La modernidad traslada el esquema aristocrático terrateniente al ideal burgués del imperio del talento. Identificada con el mundo del trabajo, la figura del profesional heredará derechos análogos a los que detenta el caballero para la posesión del feudo. Como el caballero, el universitario sella la identidad entre virtud y nobleza y suele sentirse un personaje eminente; es prestigioso en virtud de su escasez, reemplaza el título nobiliario con su título profesional –Dr., Licenciado, Ingeniero, Arquitecto- y lo antepone a su nombre y a su apellido, desprecia el trabajo manual y reclama para la tarea intelectual una dignidad que juzga superior.
En la
modernidad el desarrollo del talento forma parte del proceso de construcción
del yo. Mediante el régimen profesional de licenciaturas el individuo moderno
encuentra uno de los ejes identitarios fundamentales del conocimiento de sí en
el “descubrimiento” de una vocación que será identificada exclusivamente con su
desempeño en la esfera del trabajo. La pertenencia a una categoría
socioprofesional le brinda una red de interdependencia que tenderá a desplazar
a otras formas de sociabilidad como la familia ampliada, el barrio y la
comunidad. Se produce de este modo una cosificación en la que el status profesional se antepondrá –y a
menudo será indiferente- a su sentido ético. El individuo laico ya no ganará el
cielo con las buenas acciones sino con el trabajo. Este desplazamiento revela
por un lado la caída en descrédito de la esfera ética, y por el otro la
tendencia a identificar todos los resquicios de la vida del individuo con el ámbito laboral. La inflación del
trabajo ocluirá buena parte de las referencias
no “productivas” que puedan articular la vida humana.
El
ideal del mérito no considera que aún con la abolición de la propiedad privada
de los medios de producción seguirán existiendo trabajos desagradables pero
socialmente necesarios y que no son fruto de ningún "mérito" en
particular. Incluso en tiempos en que el desarrollo de la tecnología de punta
exige altos niveles de capacitación,
cabría preguntarse si buena parte de los trabajos socialmente necesarios no
suponen más la efectivización de un servicio que la capacidad individual
cifrada en términos de mérito o de talento.
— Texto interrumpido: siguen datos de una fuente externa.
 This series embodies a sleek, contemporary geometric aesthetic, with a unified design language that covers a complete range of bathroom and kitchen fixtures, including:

Marx y Rousseau propugnan que cada
ciudadano aporte a la sociedad los trabajos que sean resultado de su talento
individual pero, a diferencia del ideal ilustrado, descreen que la diversidad
de ingenios amerite una retribución
económica desigual. Rousseau no jerarquiza los trabajos por orden de mérito y
propugna que cada ciudadano sea retribuido de acuerdo a los servicios que
brinda a la sociedad. Tal como afirmaron Rousseau y Marx, el ideal
meritocrático solo podrá sortear la desigualdad social si instituye el fin de
la división del trabajo y el comienzo de una especialización voluntaria acorde
a las necesidades de la sociedad y a las preferencias de cada cual.
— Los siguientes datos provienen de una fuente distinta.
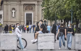 Un grupo de jóvenes camina por las calles de Bergamo. - AGAZZI/FOTOGRAMMA / ZUMA PRESS / CONTACTOPHOTO

Sería ingenuo postular aquí que el modelo meritocrático es el único que rige en los albores del siglo XXI. Otros principios de selección –fundamentalmente el económico- son más determinantes para el orden social, aunque, como se ha señalado, están íntimamente imbricados con la metafísica del talento. No obstante, su influjo no es desestimable al propugnar –al igual que otros principios de selección- el ideal de un individuo que se “realiza” en una sociedad que no se “realiza”, al erigir como modelo el de una salvación estrictamente individual, una “robinsonada” en la que la demanda de títulos se impone a la demanda de conocimiento y a la construcción de saberes en el ámbito de la praxis, y en la que la ascensión de los técnicos coincide con la abdicación de la mayor parte de los compromisos modernos de emancipación social y política.